In a ruling that might make you check the lock on your door twice and then hug your nearest constitutional scholar, the U.S. Supreme Court decided that yes, under the Second Amendment, individuals under domestic violence restraining orders can, in fact, still own firearms. Because nothing says “responsible gun ownership” like being told by a court to stay at least 500 feet away from your ex.
The 8–1 decision, delivered by Chief Justice John Roberts, was a surprisingly unified moment of judicial clarity, unless you’re Justice Clarence Thomas, who dissented alone and presumably with a vintage copy of the Constitution clutched tightly in one hand and an annotated musket diagram in the other. The majority opinion concluded that there is a longstanding American tradition of disarming dangerous individuals. So, naturally, this now includes those whom courts have already labeled as too much of a threat to be in the same zip code as their partner.
The case, United States v. Rahimi, originated from a charming fellow in Texas who managed to be involved in multiple shootings in a single year, which is not exactly a resume builder outside of Wild West reenactment circles. Mr. Rahimi was under a civil protective order after assaulting his then-girlfriend, yet for reasons unknown to common sense, he still had access to firearms. Presumably because he read the Second Amendment and conveniently skipped the part about “well regulated.”
The ruling reverses a lower court decision by the Fifth Circuit Court of Appeals, which had taken a rather spirited interpretation of “originalism” and declared the government had no historical justification for disarming domestic abusers. Apparently in 1791, the founding fathers did not explicitly say, “Please don’t hand loaded pistols to angry exes,” so the lower court took that silence as consent.
Reversing that logic, the Supreme Court thankfully ruled that, yes, keeping guns out of the hands of those with a documented habit of violence is perfectly in line with the country’s traditions. Not medieval dueling traditions, mind you, but perhaps something slightly more modern and less blood-soaked.
“When an individual poses a credible threat to the physical safety of another, that individual may be temporarily disarmed,” wrote Chief Justice Roberts, adding with all the subtlety of a legal sledgehammer that there’s a difference between historical context and just looking for constitutional loopholes that fit your personal armory.
Justice Thomas, however, maintained that if the founding fathers didn’t scroll it out in quill pen on parchment, then it probably isn’t a valid basis for gun restrictions, arguing that the Second Amendment should not yield to more modern definitions of danger, such as statistically proven patterns of domestic violence.

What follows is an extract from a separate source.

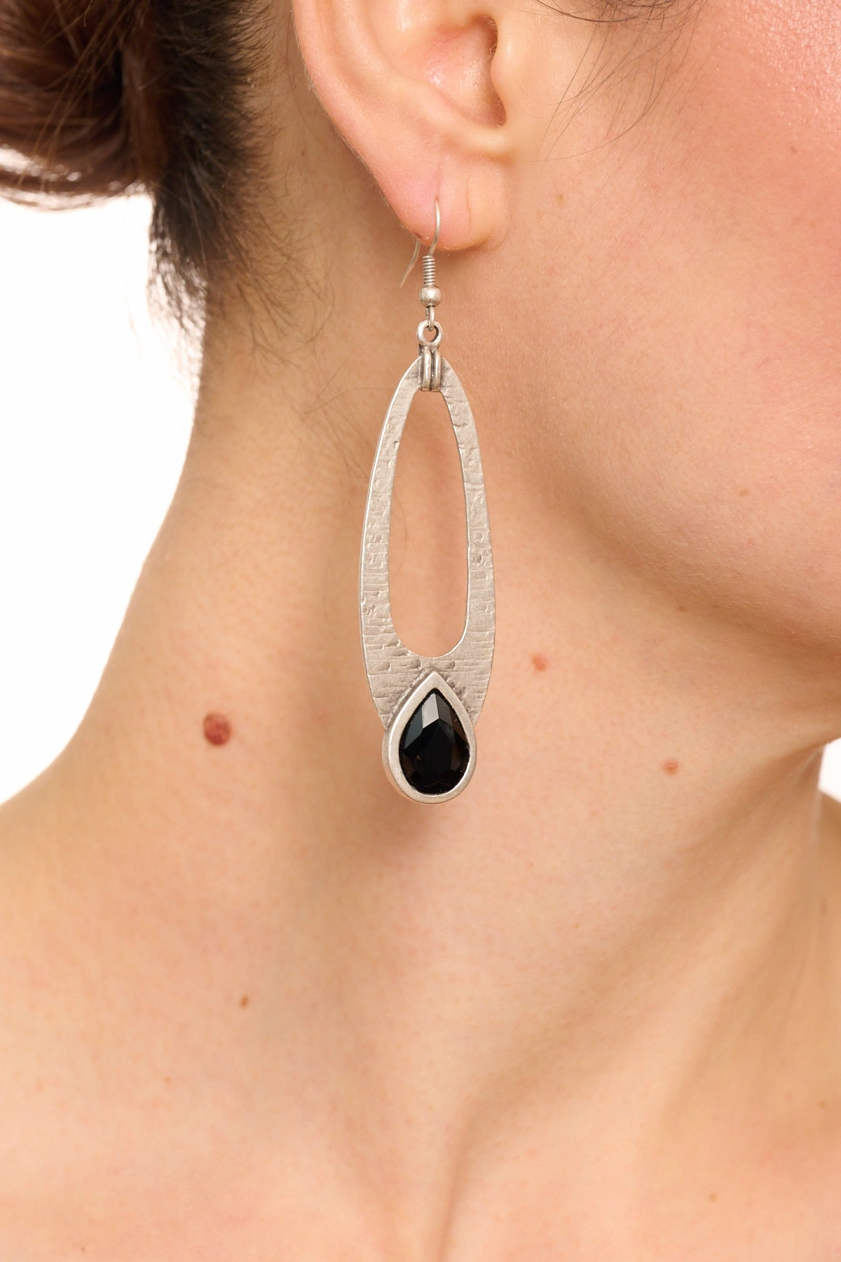 Kiraz Black Crystal Stoned Silver Plated Earring

Advocates for gun safety and survivors of domestic abuse treated the verdict like a cautiously optimistic breath of air, punctuated by the sobering reality that this case ever reached the highest court to begin with. Legal scholars, meanwhile, are trying to find the line between originalism and reenacting 18th century social norms with live ammunition.
In other words, the Constitution remains a living document, except to those who think it should be read like it’s part of an archaeological dig.
Because nothing says judicial progress like needing eight justices to explain that violent exes probably shouldn’t carry firearms as parting gifts.